Hacker can gain logical access through an authorized user who is already logged into a session on a device who then walks away from the system; leaving it open for the “attacker” to slip in and steal information. A real world example of this is the process of a person approaching a building with card-restricted access with their arms full, but an access ID card at their side. This attacker will wait to follow a employee of the building and will show their badge access card (a fake) to the employee and implore them to hold the door.

In relation to networks, unsecured (open) wireless networks can be piggybacked, where an unauthorized party (hacker) uses the connection to access the Internet. The usual purpose of piggybacking is simply to gain free network access or to gain illegal physical access to a specific location.

Source: TechTarget, Wikipedia – Piggybacking (or Tail-gating)

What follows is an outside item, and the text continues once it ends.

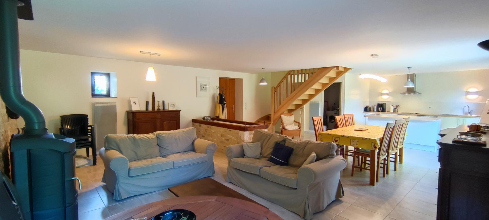 Charmante grange rénovée entre 2001 et 2009 par des artisans locaux. De très belle facture. Avec de plain-pied, une cuisine ouverte sur salon-salle à manger, buanderie, W.C. A l'étage, un large palier pouvant faire office de bureau, 3 chambres, W.C. et Sa...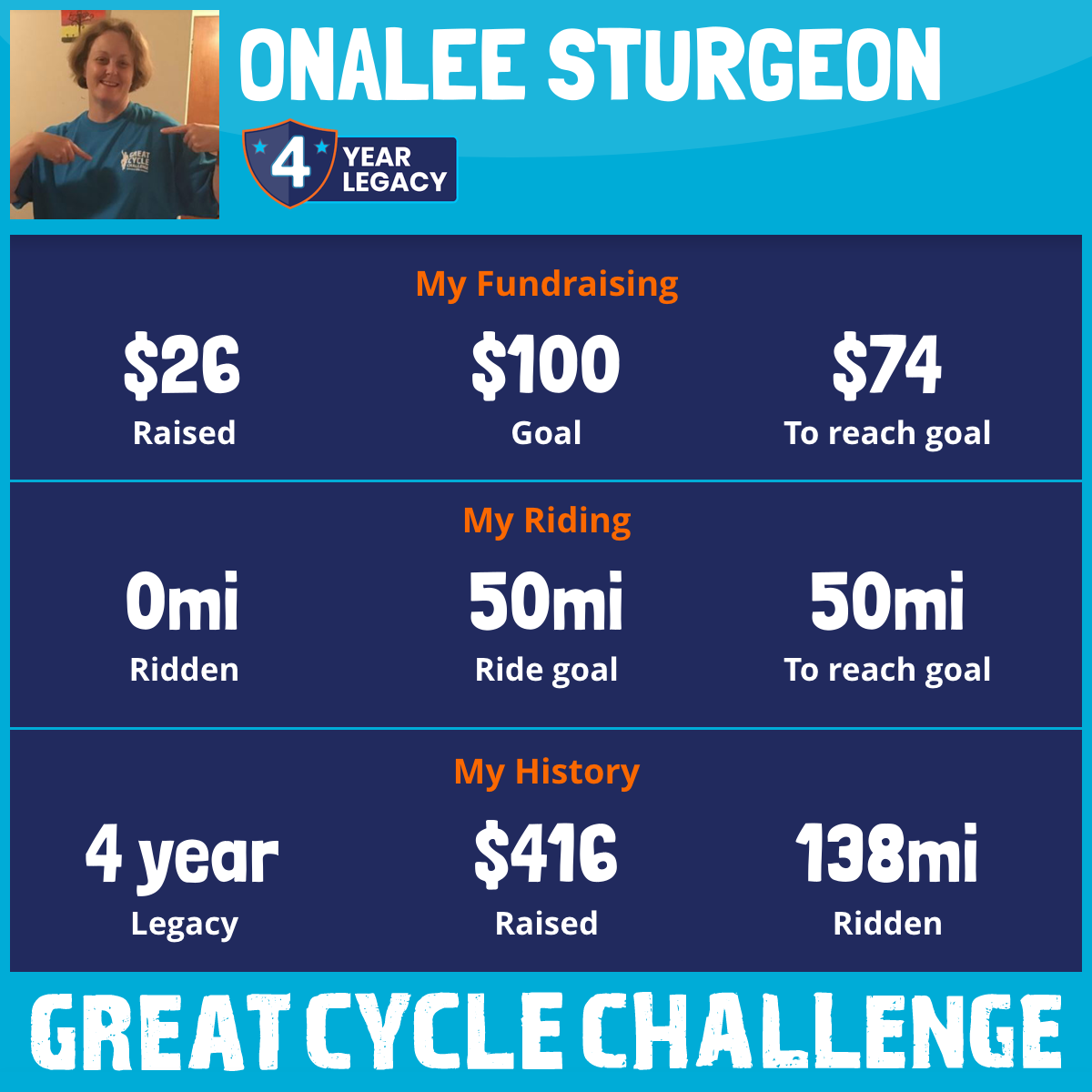 I am riding 50 mi for all of the children fighting for their lives. Please sponsor me and support my challenge to fight kids' cancer and save little lives.

Related Terms: Guest Wi-Fi Network

What does this mean for an SMB?

Piggybacking is something that can be easily fixed by following proper cybersecurity best practices. In relation to the networks, set up proper security by installing segmented wireless networks and requiring 14+ character unique passwords to access said network.  For physical security protection, it is important to have a training program that teaches employees how to be helpful instead of letting them guess or follow their own inclinations.  For example, security-focused employees would ask a hacker carrying a large load, who are you hear to see and can I walk you to your destination?
Another strong protection to reduce the chance of misuse of an unlocked device is to have the device lock up after a specific amount of time idle (15 minutes).